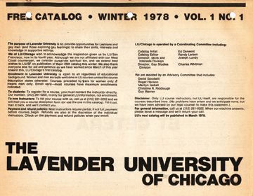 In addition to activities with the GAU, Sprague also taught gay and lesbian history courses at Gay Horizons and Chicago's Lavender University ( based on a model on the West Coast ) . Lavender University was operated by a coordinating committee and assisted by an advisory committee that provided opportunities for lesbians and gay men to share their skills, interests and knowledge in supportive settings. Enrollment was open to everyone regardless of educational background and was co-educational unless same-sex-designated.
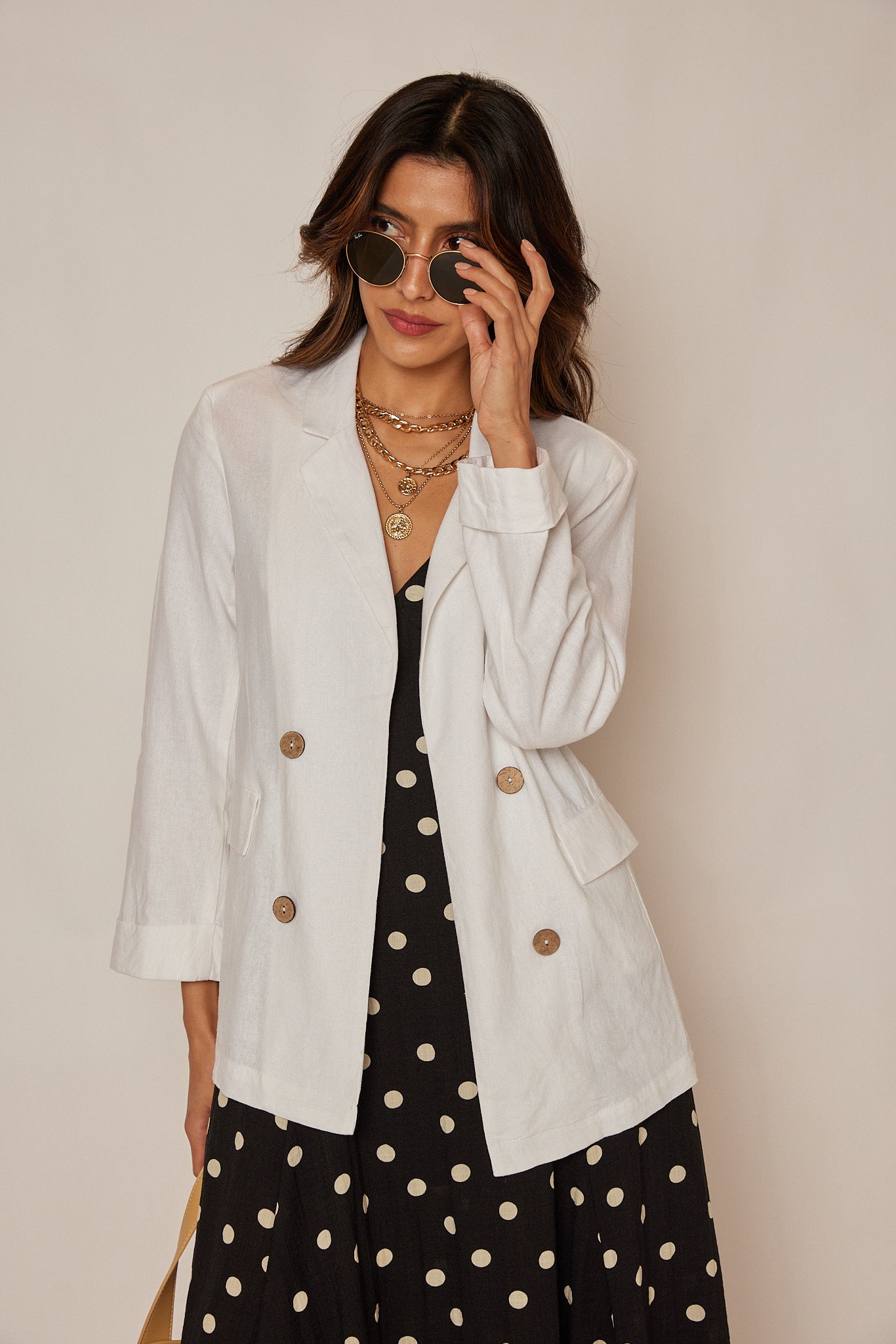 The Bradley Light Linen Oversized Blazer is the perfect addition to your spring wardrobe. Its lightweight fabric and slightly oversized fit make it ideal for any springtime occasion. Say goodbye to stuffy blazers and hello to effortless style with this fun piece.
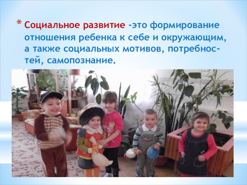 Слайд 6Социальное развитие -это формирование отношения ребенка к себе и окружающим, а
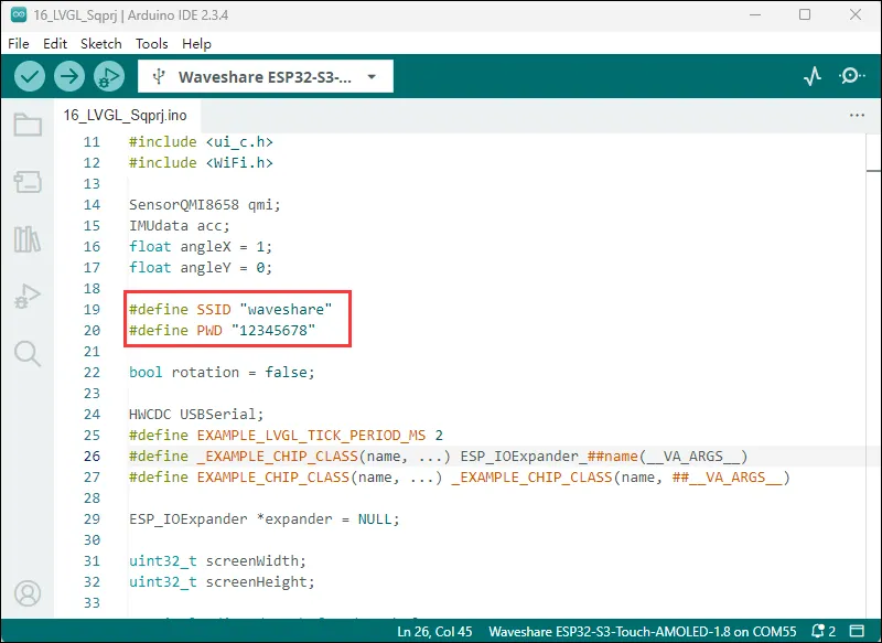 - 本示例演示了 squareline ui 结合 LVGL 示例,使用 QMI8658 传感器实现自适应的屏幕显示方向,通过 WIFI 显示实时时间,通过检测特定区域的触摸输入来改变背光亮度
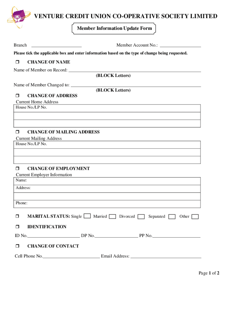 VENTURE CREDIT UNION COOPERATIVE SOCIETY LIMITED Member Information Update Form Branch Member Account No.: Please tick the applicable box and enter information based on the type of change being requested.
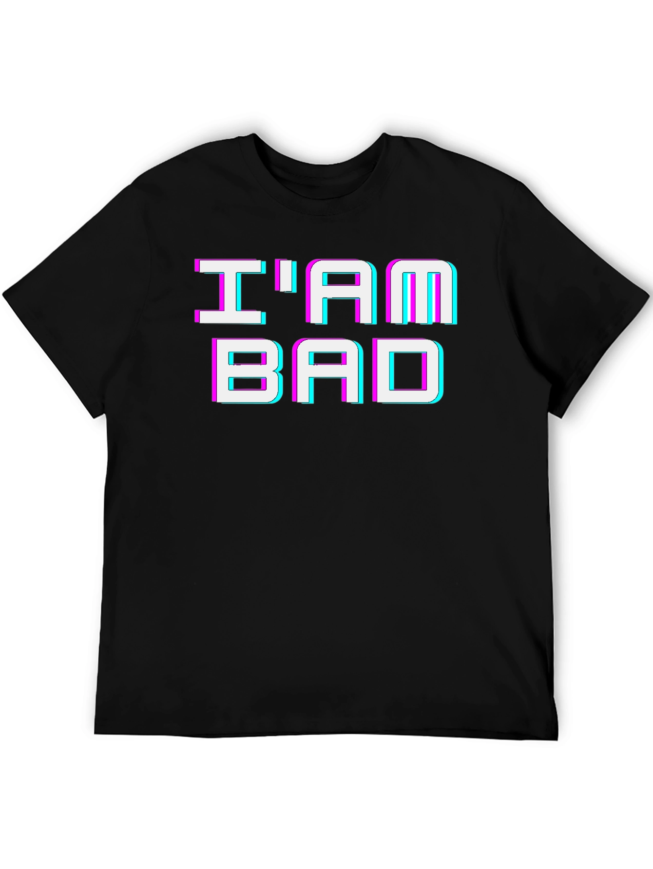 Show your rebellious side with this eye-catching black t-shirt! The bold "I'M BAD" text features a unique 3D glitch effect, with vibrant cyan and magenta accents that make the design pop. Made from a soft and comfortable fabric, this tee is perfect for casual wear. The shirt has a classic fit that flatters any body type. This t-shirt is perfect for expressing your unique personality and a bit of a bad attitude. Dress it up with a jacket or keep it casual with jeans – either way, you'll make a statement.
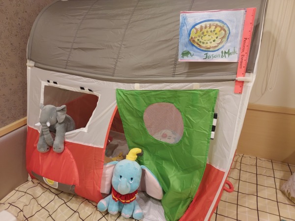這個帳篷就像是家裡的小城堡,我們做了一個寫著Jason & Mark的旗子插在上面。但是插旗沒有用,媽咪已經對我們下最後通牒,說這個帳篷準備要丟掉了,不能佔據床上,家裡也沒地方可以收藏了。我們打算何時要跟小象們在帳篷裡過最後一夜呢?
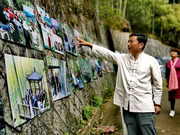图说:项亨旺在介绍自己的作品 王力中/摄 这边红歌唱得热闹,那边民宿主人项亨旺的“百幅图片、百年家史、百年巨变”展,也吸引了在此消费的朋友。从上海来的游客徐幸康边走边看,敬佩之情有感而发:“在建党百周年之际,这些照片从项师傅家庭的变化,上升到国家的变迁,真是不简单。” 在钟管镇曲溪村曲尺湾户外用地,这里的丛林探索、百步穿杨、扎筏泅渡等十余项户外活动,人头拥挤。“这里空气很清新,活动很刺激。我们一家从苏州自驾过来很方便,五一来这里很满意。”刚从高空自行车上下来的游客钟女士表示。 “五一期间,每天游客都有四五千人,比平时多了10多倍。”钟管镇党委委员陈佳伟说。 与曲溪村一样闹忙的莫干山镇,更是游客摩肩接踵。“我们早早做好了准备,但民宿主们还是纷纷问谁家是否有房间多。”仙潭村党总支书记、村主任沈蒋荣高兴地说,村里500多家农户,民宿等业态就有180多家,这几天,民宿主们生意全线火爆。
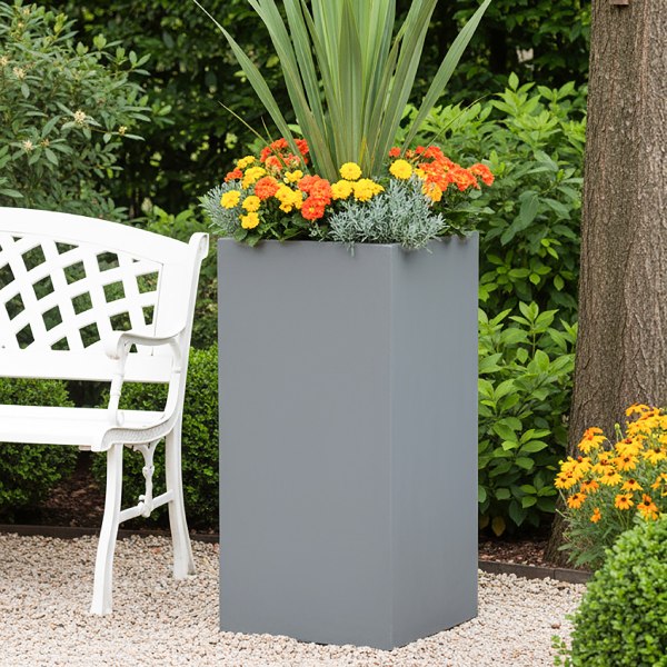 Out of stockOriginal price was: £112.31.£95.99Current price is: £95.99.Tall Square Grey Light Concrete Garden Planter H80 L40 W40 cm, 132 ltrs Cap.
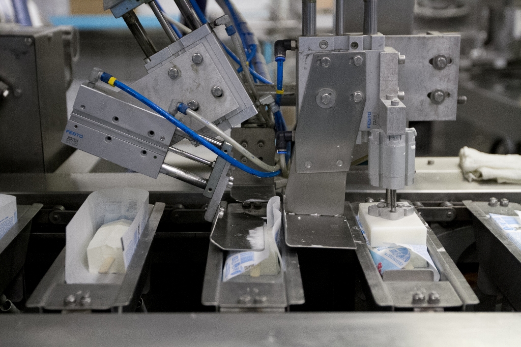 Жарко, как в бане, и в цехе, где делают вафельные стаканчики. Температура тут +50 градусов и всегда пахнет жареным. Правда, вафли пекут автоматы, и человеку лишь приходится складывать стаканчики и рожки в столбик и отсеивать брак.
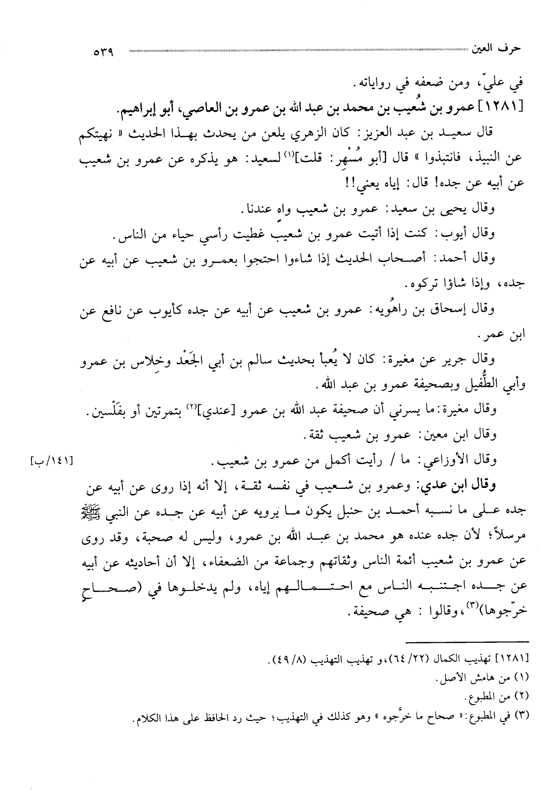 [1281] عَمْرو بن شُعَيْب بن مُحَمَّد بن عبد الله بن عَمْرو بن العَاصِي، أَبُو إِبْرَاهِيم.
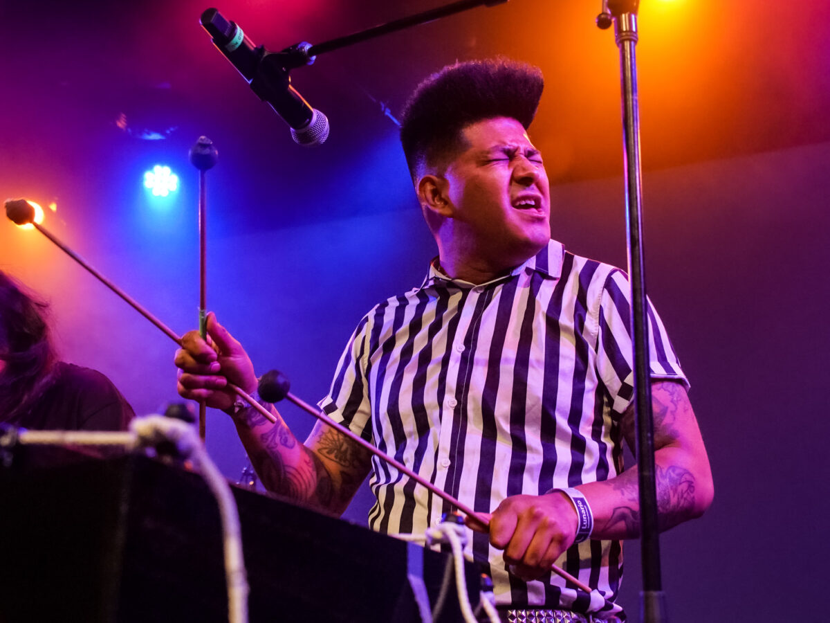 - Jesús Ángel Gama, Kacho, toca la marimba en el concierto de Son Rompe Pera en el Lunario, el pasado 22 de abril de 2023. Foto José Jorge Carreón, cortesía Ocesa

━━━━━━━━━━

Each line from the one that contains "The Bradley Light" down to the one that contains "Show your rebellious" is to be returned exactly as it stands above, both ends included, with pictures removed.

 The Bradley Light Linen Oversized Blazer is the perfect addition to your spring wardrobe. Its lightweight fabric and slightly oversized fit make it ideal for any springtime occasion. Say goodbye to stuffy blazers and hello to effortless style with this fun piece.
 Слайд 6Социальное развитие -это формирование отношения ребенка к себе и окружающим, а
 - 本示例演示了 squareline ui 结合 LVGL 示例,使用 QMI8658 传感器实现自适应的屏幕显示方向,通过 WIFI 显示实时时间,通过检测特定区域的触摸输入来改变背光亮度
 VENTURE CREDIT UNION COOPERATIVE SOCIETY LIMITED Member Information Update Form Branch Member Account No.: Please tick the applicable box and enter information based on the type of change being requested.
 Show your rebellious side with this eye-catching black t-shirt! The bold "I'M BAD" text features a unique 3D glitch effect, with vibrant cyan and magenta accents that make the design pop. Made from a soft and comfortable fabric, this tee is perfect for casual wear. The shirt has a classic fit that flatters any body type. This t-shirt is perfect for expressing your unique personality and a bit of a bad attitude. Dress it up with a jacket or keep it casual with jeans – either way, you'll make a statement.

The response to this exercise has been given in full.